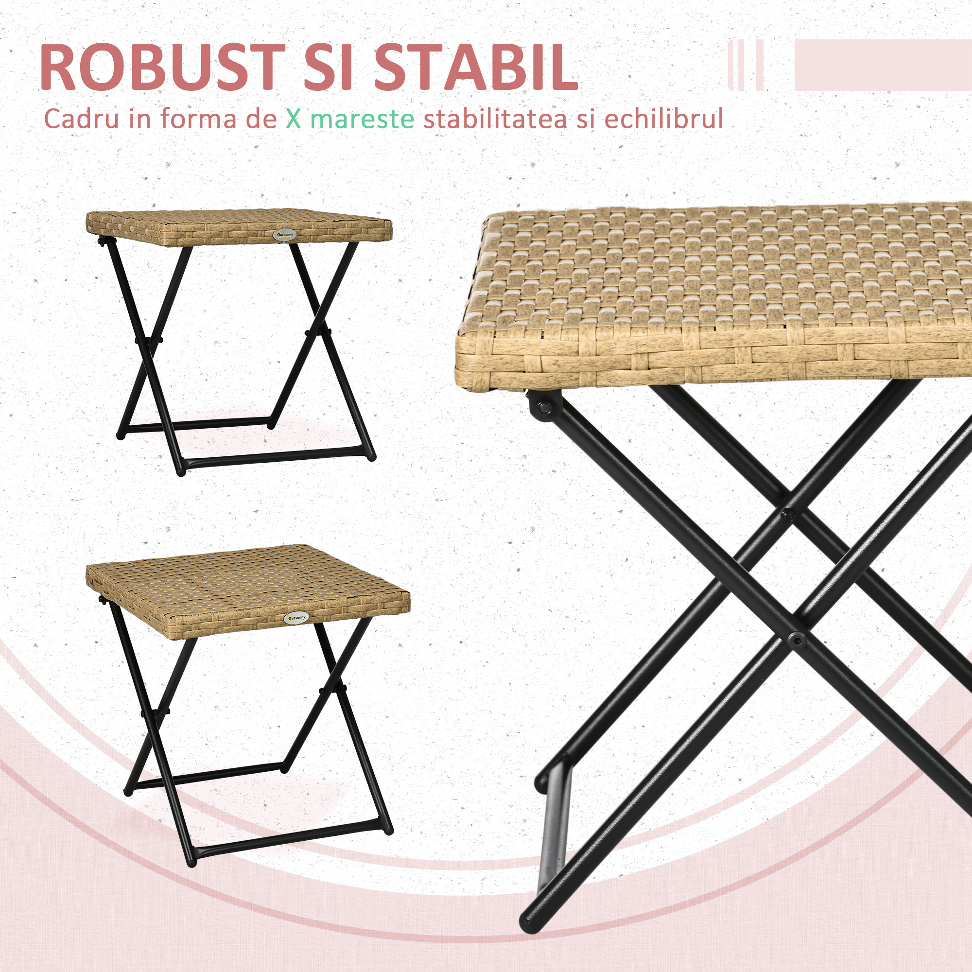 Masa plianta [BRAND NAME] este piesa de mobilier eleganta si practica care nu poate lipsi din casa si din gradina. Aceasta masuta de cafea din ratan sintetic este ideala pentru a pune bauturi, gustari si orice altceva doriti sa aveti la indemana. Cadrul din otel si ratanul PE sunt solide si asigura o viata lunga. Alegeti aceasta masa de gradina pliabila ca asistent in momentele de relaxare in aer liber!
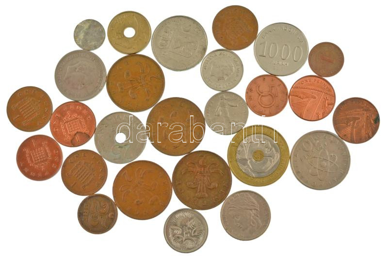 Description: 26db-os vegyes érmetétel, közte Nagy-Britannia, Indonézia, Dánia, Lettország stb. T:vegyes
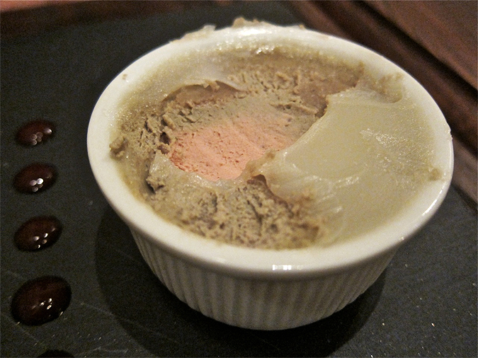 Underneath the cool layer of white fat, there was smooth, rich, fatty duck liver pâté.
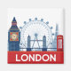 Magneta de Londres que representa Big Ben, London Eye, Tower Bridge e o Shard,
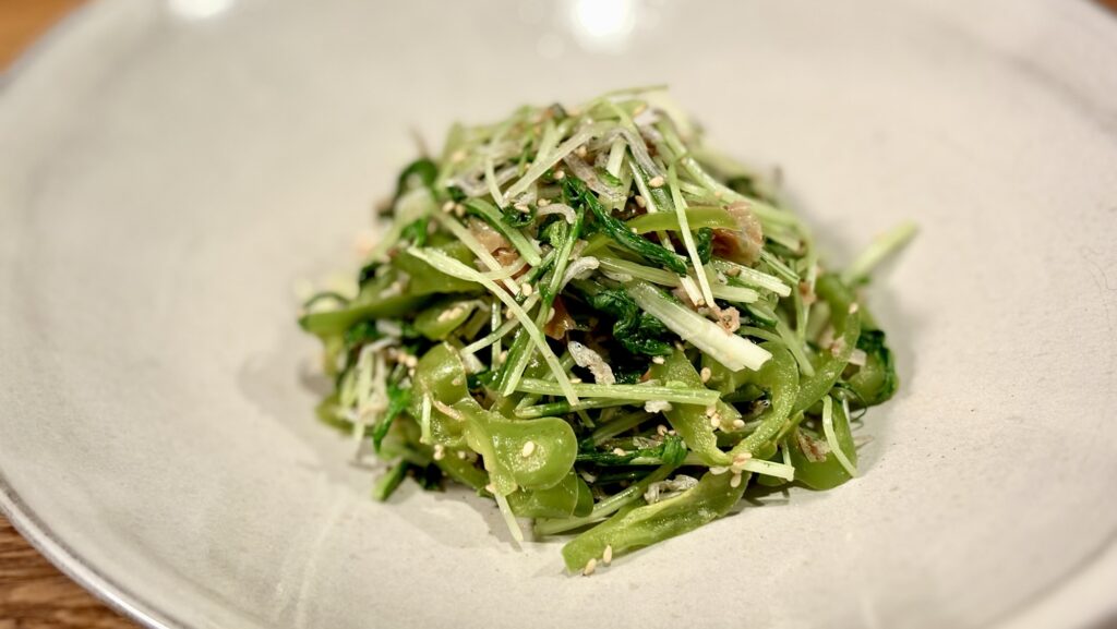 ピーマンと水菜とちりめんのサッと炒め(フォー出汁仕立て)
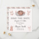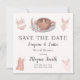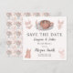 Cette charmante carte de Save the Date donne le ton pour un shower de lingerie et de lattés, avec de la lingerie de mariage élégante, un latte cosy et des fleurs bohèmes dans un design stylé. Le dos présente un motif fantaisiste de gâteaux de mariage, de pièces de lingerie délicates, de fleurs et plus encore.
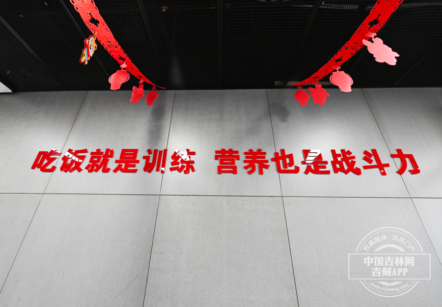 在国家体育总局冬季运动管理中心运动员餐厅内,这13个红色大字格外醒目。
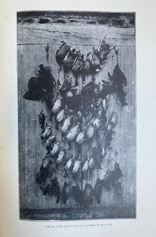Un grand classique remarquable sur la chasse au gibier d'eau, paru pour la première fois en 1904 : migrations, météo, descriptions zoologiques, braconnage, lieux de chasse, types de chasse, armes, canardières, etc. La moitié de l'ouvrage est consacrée à la chasse à la hutte: emplacement, construction, matériel, appelants, gabions de Picardie et de Normandie, etc.
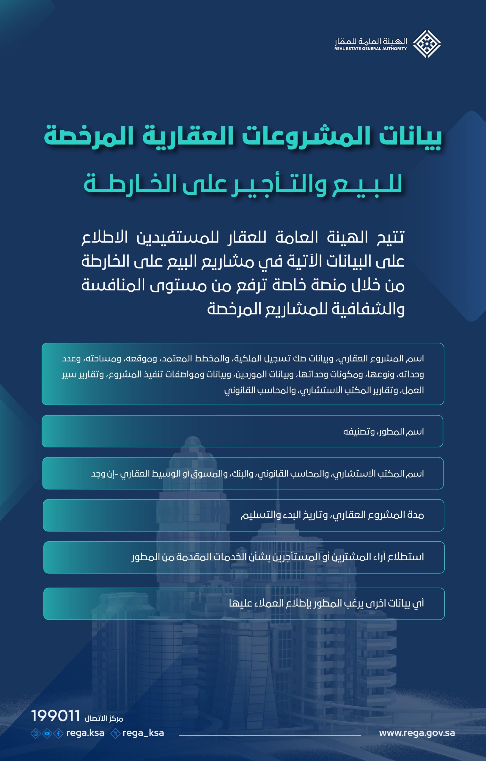 أعلنت الهيئة العامة للعقار، أنها تتيح للمستفيدين الاطلاع على بيانات المشروعات العقارية المرخصة للبيع أو التأجير على الخارطة من خلال منصة خاصة ترفع من مستوى المنافسة والشفافية للمشاريع المرخصة.
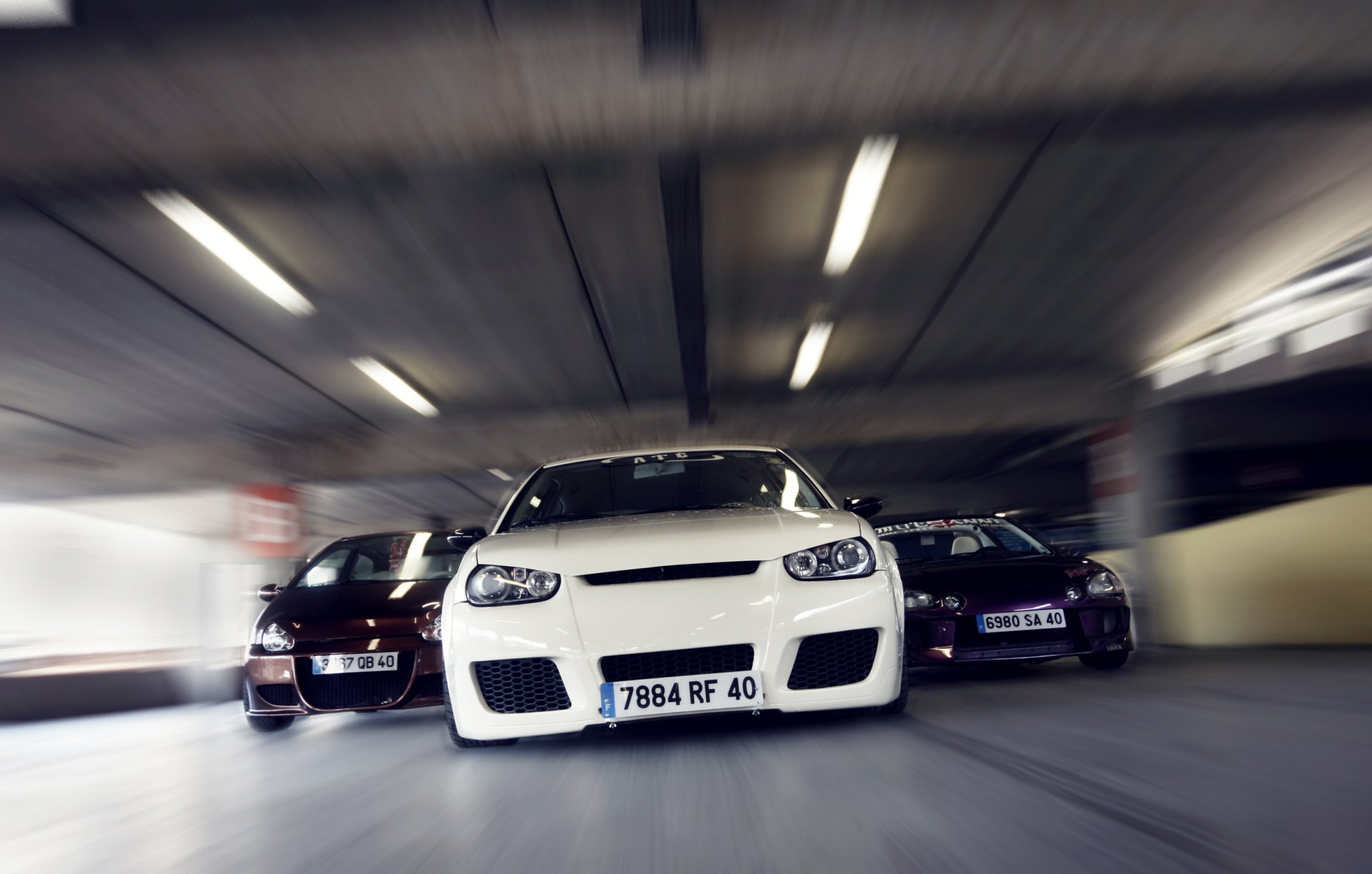 Zwei weiße Autos mit eingeschalteten Scheinwerfern auf der Strecke
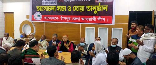 শহীদ বুদ্ধিজীবী দিবস উপলক্ষে চাঁদপুর জেলা আওয়ামী লীগের আলোচনা সভা ও দোয়া অনুষ্ঠিত হয়েছে। মঙ্গলবার (১৪ ডিসেম্বর) বিকেলে জেলা আওয়ামী লীগ কার্যালয়ে দোয়া পূর্ব আলোচনা সভায় সভাপতিত্ব করেন জেলা আওয়ামী লীগের সভাপতি নাছির উদ্দিন আহমেদ।
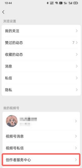 3、在设置中找到并点击下方的【创作者服务中心】;

⁂

- [EXERCISE REQUIREMENTS] The entries above, every one of them, should be retyped exactly, with no pictures carried over.

- [ANSWER TO THIS PROBLEM]
 Masa plianta [BRAND NAME] este piesa de mobilier eleganta si practica care nu poate lipsi din casa si din gradina. Aceasta masuta de cafea din ratan sintetic este ideala pentru a pune bauturi, gustari si orice altceva doriti sa aveti la indemana. Cadrul din otel si ratanul PE sunt solide si asigura o viata lunga. Alegeti aceasta masa de gradina pliabila ca asistent in momentele de relaxare in aer liber!
 Description: 26db-os vegyes érmetétel, közte Nagy-Britannia, Indonézia, Dánia, Lettország stb. T:vegyes
 Underneath the cool layer of white fat, there was smooth, rich, fatty duck liver pâté.
 Magneta de Londres que representa Big Ben, London Eye, Tower Bridge e o Shard,
 ピーマンと水菜とちりめんのサッと炒め(フォー出汁仕立て)
 Cette charmante carte de Save the Date donne le ton pour un shower de lingerie et de lattés, avec de la lingerie de mariage élégante, un latte cosy et des fleurs bohèmes dans un design stylé. Le dos présente un motif fantaisiste de gâteaux de mariage, de pièces de lingerie délicates, de fleurs et plus encore.
 在国家体育总局冬季运动管理中心运动员餐厅内,这13个红色大字格外醒目。
Un grand classique remarquable sur la chasse au gibier d'eau, paru pour la première fois en 1904 : migrations, météo, descriptions zoologiques, braconnage, lieux de chasse, types de chasse, armes, canardières, etc. La moitié de l'ouvrage est consacrée à la chasse à la hutte: emplacement, construction, matériel, appelants, gabions de Picardie et de Normandie, etc.
 أعلنت الهيئة العامة للعقار، أنها تتيح للمستفيدين الاطلاع على بيانات المشروعات العقارية المرخصة للبيع أو التأجير على الخارطة من خلال منصة خاصة ترفع من مستوى المنافسة والشفافية للمشاريع المرخصة.
 Zwei weiße Autos mit eingeschalteten Scheinwerfern auf der Strecke
 শহীদ বুদ্ধিজীবী দিবস উপলক্ষে চাঁদপুর জেলা আওয়ামী লীগের আলোচনা সভা ও দোয়া অনুষ্ঠিত হয়েছে। মঙ্গলবার (১৪ ডিসেম্বর) বিকেলে জেলা আওয়ামী লীগ কার্যালয়ে দোয়া পূর্ব আলোচনা সভায় সভাপতিত্ব করেন জেলা আওয়ামী লীগের সভাপতি নাছির উদ্দিন আহমেদ।
 3、在设置中找到并点击下方的【创作者服务中心】;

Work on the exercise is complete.